At times I do talk to the speechless trees, hillocks on my way to work. In fact, I do that twice every single day. I do feel a connection there. Like the one I felt with the dead remains of a stray dog lying lifeless near the junction. Dead animals on the road are not burried or removed here. They are left there until the remains dry out, turn into ashes and disappear. I could feel the large lump within at the sight. Where do their souls go? Maybe they roam around the greens, or stay near their abandoned bodies to guard. How painful that could be! The dead dog's sight on the highway junction would make me feel its pain every time I crossed it. Slowly, my pain disappeared turning into a silent smile. I started greeting it every passing day trying to comfort its soul that there is at least someone in this world who thought of you today, at this moment. I would always say Hi with a smile to the remains. I began to feel that connection with its invisible soul. Not that I believe in the weird stuff of the other world or whatsoever to name it, but for the simple fact that this animal did have a life before it got killed, maybe hit by some trucks or speeding cars at night. It obviously had a life. Maybe it had a family too. And now it's gone. Somehow, it's so similar to what humans do and have. And so the connection. Months after I felt that connection and familiarity, the dry spell began and so did the days of no rain and only a boiling sun. It further dried up the remains of that dead stray dog. I could see ashes of it soon. And then one fine morning the junction welcomed me with a clean road as if nothing ever existed there. The ashes were gone. The charred remains of the dead dog disappeared. That conenction was gone. I don't know what would have happened to that invisible soul but it made me feel that lump within again. Maybe I missed seeing it and was trying to get used to an empty junction. Was it weird? I don't think so.

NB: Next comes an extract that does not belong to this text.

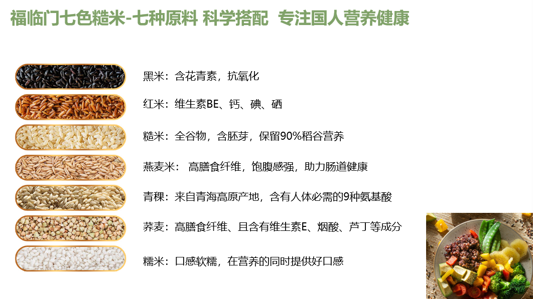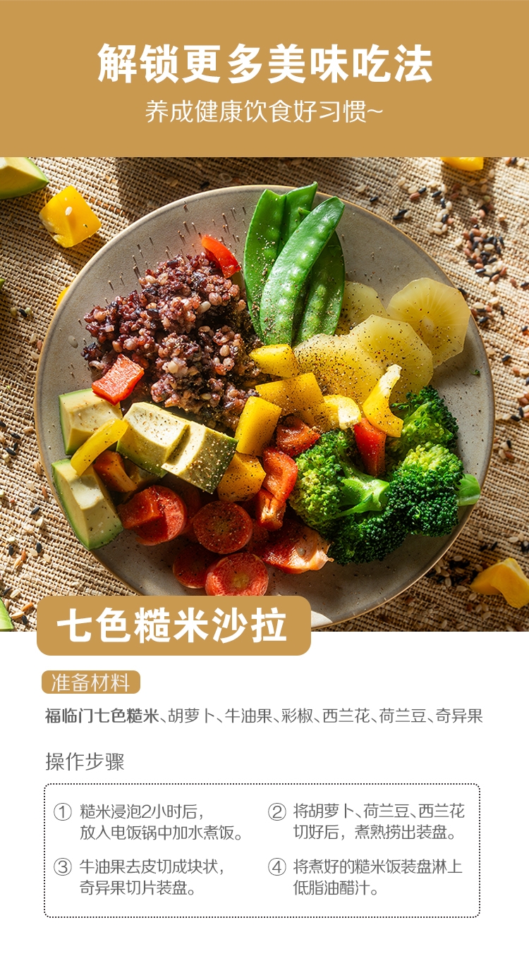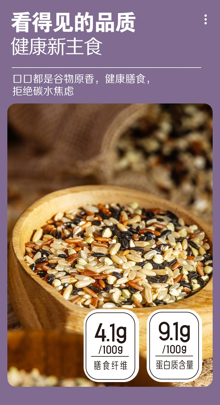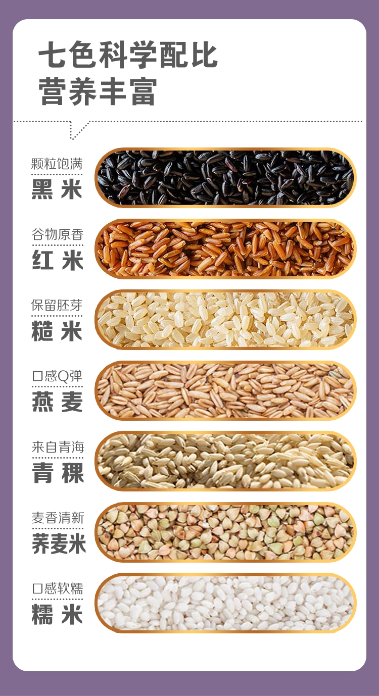 健康轻食、营养均衡,7种不同杂粮原料科学配比;兼顾营养和美味,减重控糖人士的理想主食;甄选优质产地原料,全产业链的严格把控
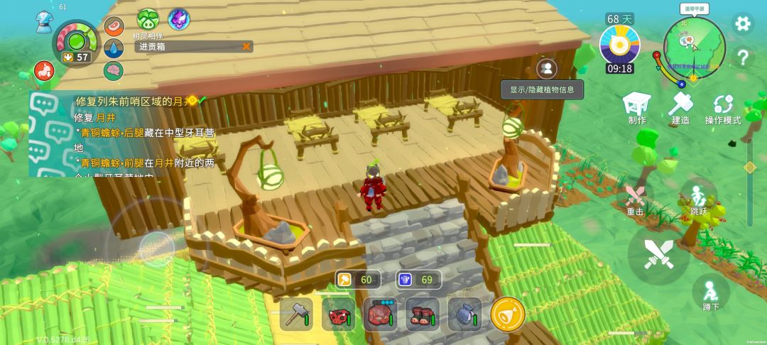 很好玩的游戏,建的房子很漂亮,可以在野外刷伙伴好感度就能获得伙伴,伙伴可以帮你战斗,挖矿,种田,砍树,准备好箱子放食物伙伴会自己吃,箱子标签设置木材,食材,石材伙伴会自己生产放进去。

It is very humane to feel all of such connections. We humans do experience the same feelings about life and after-life. Such experiences evoke similar strings of connections within. So I find all of it very normal, ordinary and yet so wonderful, amazing. The realization that I could strongly feel such connections in my heart is what makes it so extraordinary. I am not a great vision to others but to my own self, that realization makes my being stand apart from anyone else and thus making an extraordinary image of my individuality - something which makes me bow humbly to my own self in respect. That feeling is extraordinary. That surprise is enriching. Amd I wish earnestly to keep that spirit within and nurture it to be even better than now. Amen.